Our first MediaPipe tool lets you view and test MediaPipe compatible models on the web without having to write your own custom test application. You can also use MediaPipe Studio now in preview to try out the new tasks and all the additional features described here by visiting the MediaPipe Studio page.

Additionally, we have plans to extend MediaPipe Studio to provide a no-code model training solution that will allow you to create new models without a lot of overhead.

MediaPipe task

MediaPipe Tasks uses low-code libraries to simplify on-device ML deployments for web, mobile, IoT, and desktop developers. On-device machine learning solutions like the examples above can be easily integrated into your application with just a few lines of code without having to learn all the implementation details behind these solutions. These now include his three categories of tools: vision, audio and text.

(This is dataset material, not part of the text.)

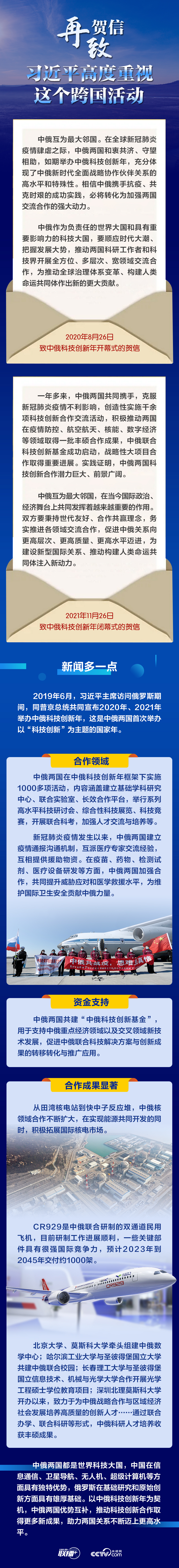 联播+11月26日,习近平主席向中俄科技创新年闭幕式致贺信,赞许一年多来两国在疫情防控、航空航天、核能、数字经济等领域取得的合作成果。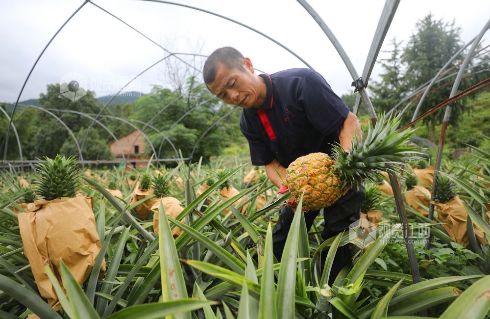 2016年,该合作社引进台湾凤梨品种,并聘请台湾技术人员前来指导,经过反复改良培育,终于试种成功。因为地理位置、气候条件不同,产出的凤梨避开了春季上市高峰期,实现产品附加值提升,每斤可卖到20元,预计今年产量可达15000多斤,纯收入在20万元左右。

To better understand how to use MediaPipe tasks, let’s take a look at an Android app that performs gesture recognition.

The following code uses a built-in machine learning model to create a GestureRecognizer object that can be iterated over to return a list of recognition results based on the input image.

// Step 1: Build a gesture recognizer valbaseOptions = BaseOptions.builder() .setModelAssetPath(“gesture_recognizer.task”) .build() valgestureRecognizerOptions = GestureRecognizerOptions.builder() .setBaseOptions(baseOptions) .build() valgestureRecognizer = GestureRecognizer .createFromOptions( context,gestureRecognizerOptions) // Step 2: Prepare the image val mpImage = BitmapImageBuilder(bitmap).build() // Step 3: Run inference val result =gestureRecognizer.recognize(mpImage)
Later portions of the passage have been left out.